There was a conversation on twitter about Haldane’s 2s approximation to the fixation probability of an allele, and how it related to the diffusion approximation of the same quantity. This followed from a blog post by Adam Eyre-Walker. I thought I’d write a couple of notes up on it. This post could likely do with more thought/editing but I thought it would be useful to put it out there.
The 2s result is the correct (ignoring terms of s^2 and higher) answer for the probability of a mutation never being lost in an infinite population with Poisson number of offspring with mean 1+s. The reason why this is “never being lost” instead of fixed, is that the population is infinite. So to persist indefinitely the allele has to escape loss permanently, by never being absorbed by the zero state.
This disagrees with the fixation probability from the diffusion, which is given by (1-exp(-4Nes/(2N))/(1-exp(-4Nes))) ~ 2s (Ne/N)/(1-exp(-4Nes))). Note the various roles played by Ne (eff. pop. size) and N in both equations (or the lack thereof).
Haldane’s result is not quite “right” for “real” populations (e.g. as modeled by Wright Fisher, and its diffusion limit) for 2 reasons.
The first is that population size is finite, so to fix we only need to reach a size 2N individuals (and then we will never be lost). Weakly beneficial mutations (Ns~1) are slightly more likely to fix than the 2s probability, as they only have to reach 2N to never be lost. Similarly deleterious mutations will never escape loss in infinite population, but can in finite pop. by reach 2N individuals. This is captured by the denominator of the fixation probability under the diffusion model, which that this increases the fixation prob. of alleles with |Ns|~1. The absorption of alleles at 2N copies can also be modeled in finite individual models (i.e. not the diffusion limit), I seem to remember that Rick Durrett’s book has a section on this.

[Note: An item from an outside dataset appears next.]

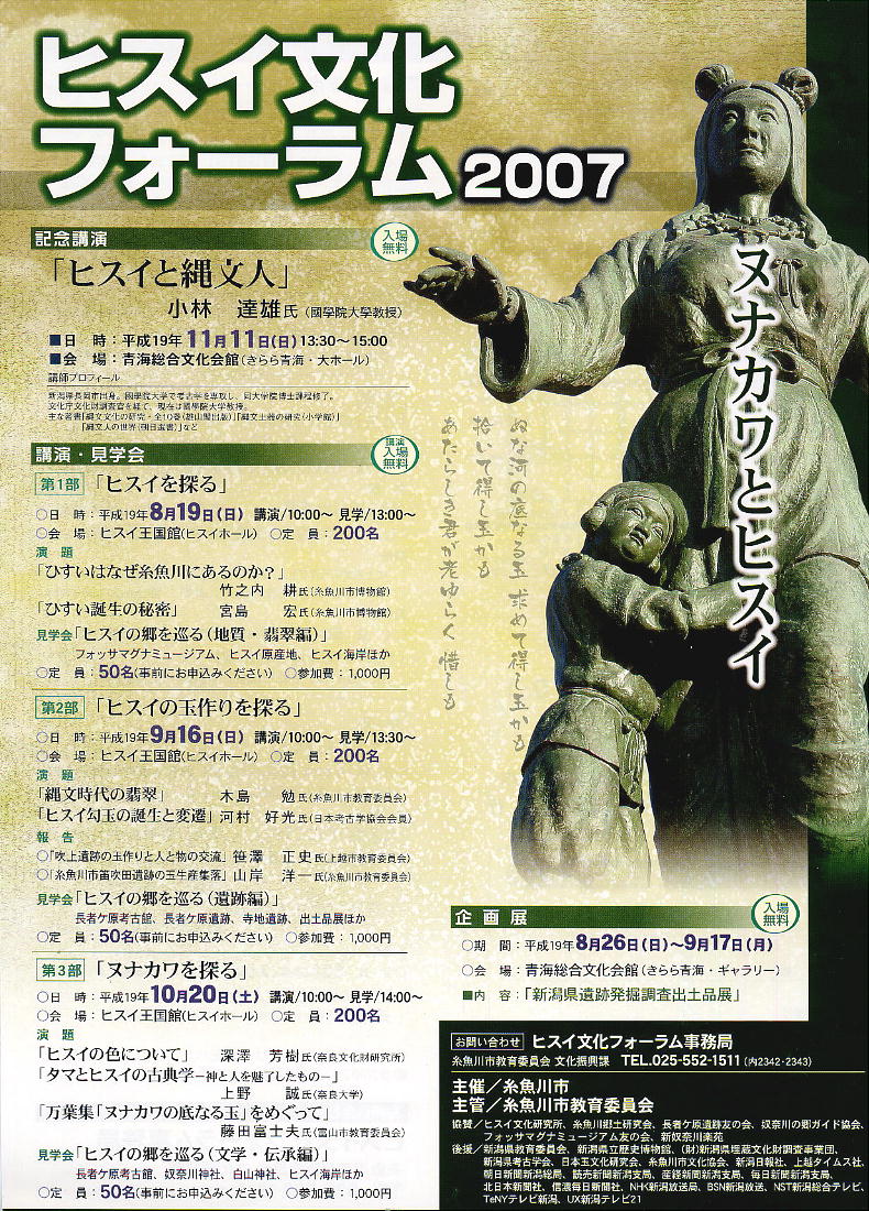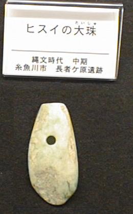 糸魚川流域の材料である事が判明している。即ち、縄文時代のヒスイは全て糸魚川で産出し加工され、一元的に日本全国に
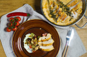Zdjęcie "Ozdoba pieczone piersi z kurczaka z kalafiorem i pora. Widok z boku, podłoże drewniane" może być wykorzystywane do celów osobistych i komercyjnych zgodnie z warunkami zakupionej licencji Royalty-free. Obraz jest dostępny do pobrania w jakości wysokiej rozdzielczości do 5760x3840.

The second issue with the 2s result is that it assumes that the individuals have Poisson distributed number offspring with variance 1 (actually our selected type has mean and var 1+s, but we ignore the s). However, in practice that isn’t quite true as our number of offspring (in Wright Fisher) is binomial with p=1/2N (actually it not quite this due to s, but we can ignore that). That also drops the dependance on Ne out of the equation, this can be factored back in as the branching process escaping loss probability is easily modified for non-Poisson variance. Where for an allele, with mean offspring 1+s and variance in offspring V, the probability the branching process escapes loss is ~2s/V.